Acanthorhachis Temporal range: Visean– Westphalian PreꞒ Ꞓ O S D C P T J K Pg N

Scientific classification
- Kingdom: Animalia
- Phylum: Chordata
- Class: Chondrichthyes
- Order: incertae sedis
- Family: †Listracanthidae
- Genus: †Acanthorhachis Martill, Del Strother, & Gallien, 2013
- Species: †A. spinatus
- Binomial name: †Acanthorhachis spinatus (Bolton, 1896) Martill, Del Strother, & Gallien, 2013

= Acanthorhachis =

- Authority: (Bolton, 1896) Martill, Del Strother, & Gallien, 2013
- Parent authority: Martill, Del Strother, & Gallien, 2013

Extinct chondrichthyian genus

Acanthorhachis is an enigmatic extinct genus of chondrichthyan from the Carboniferous period. Its name is derived from the Greek word acanthos meaning "spine" and the Greek suffix for spine, -rhachis. This is due to the spine-like dermal denticles and their subsidiary spines, which coated the exterior of the animal. The authors who erected this genus suggested the common name "The Spiny Spined Shark." The type species Listracanthus spinatus was in 1896 named by Herbert Bolton.

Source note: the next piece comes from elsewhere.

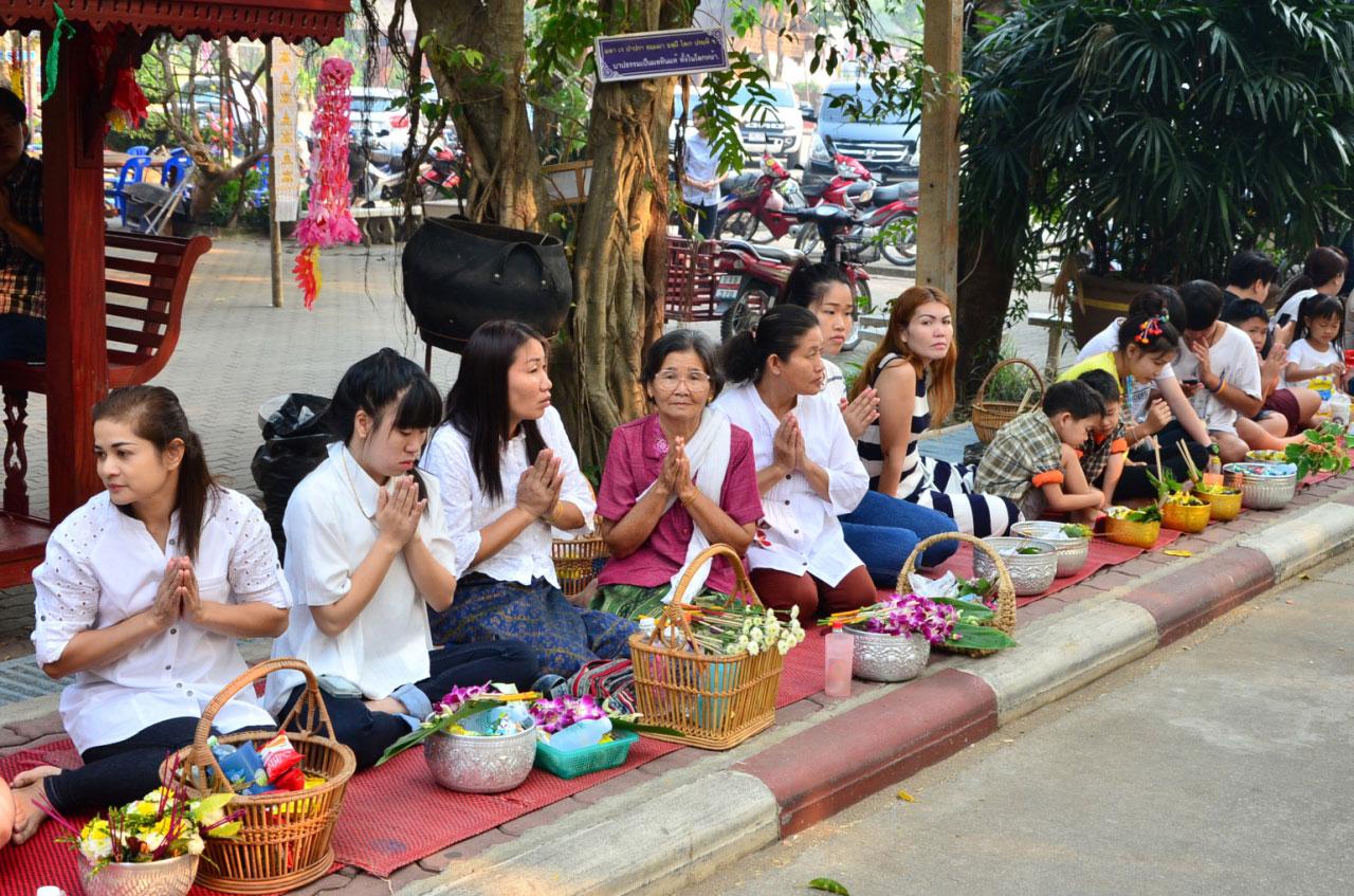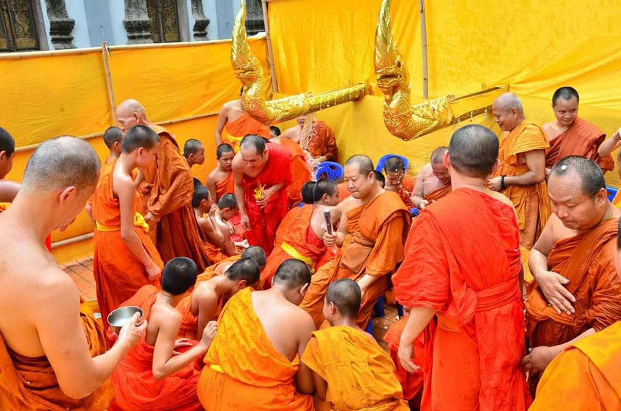 เมื่อวันที่ 15 เม.ย. เป็นวันพญาวันในเทศกาลสงกรานต์ หรือปีใหม่เมืองของล้านนา โดยบรรยากาศตัวเมืองอ.เชียงแสน จ.เชียงราย บริเวณวัดพระธาตุผาเงา ต.เวียง มีพุทธศาสนิกชนแห่กันไปทำบุญขนทรายเข้าวัด พร้อมทั้งนำตุงปักบนกองทราย ขอพรพระและสรงน้ำพระพุทธรูป พระธาตุ และพระสงฆ์อย่างเนืองแน่น

It is closely related to Listracanthus. It differs from it in the size, structure, and distribution of dermal spines. It is currently monotypic, containing only the species A. spinatus. This shark is thus far only described from the British Isles. Acanthorhachis was first described from the Westphalian-aged lower coal measures of Yorkshire, England. It occurs rarely in Viséan-aged Eyam Limestone of Derbyshire, England.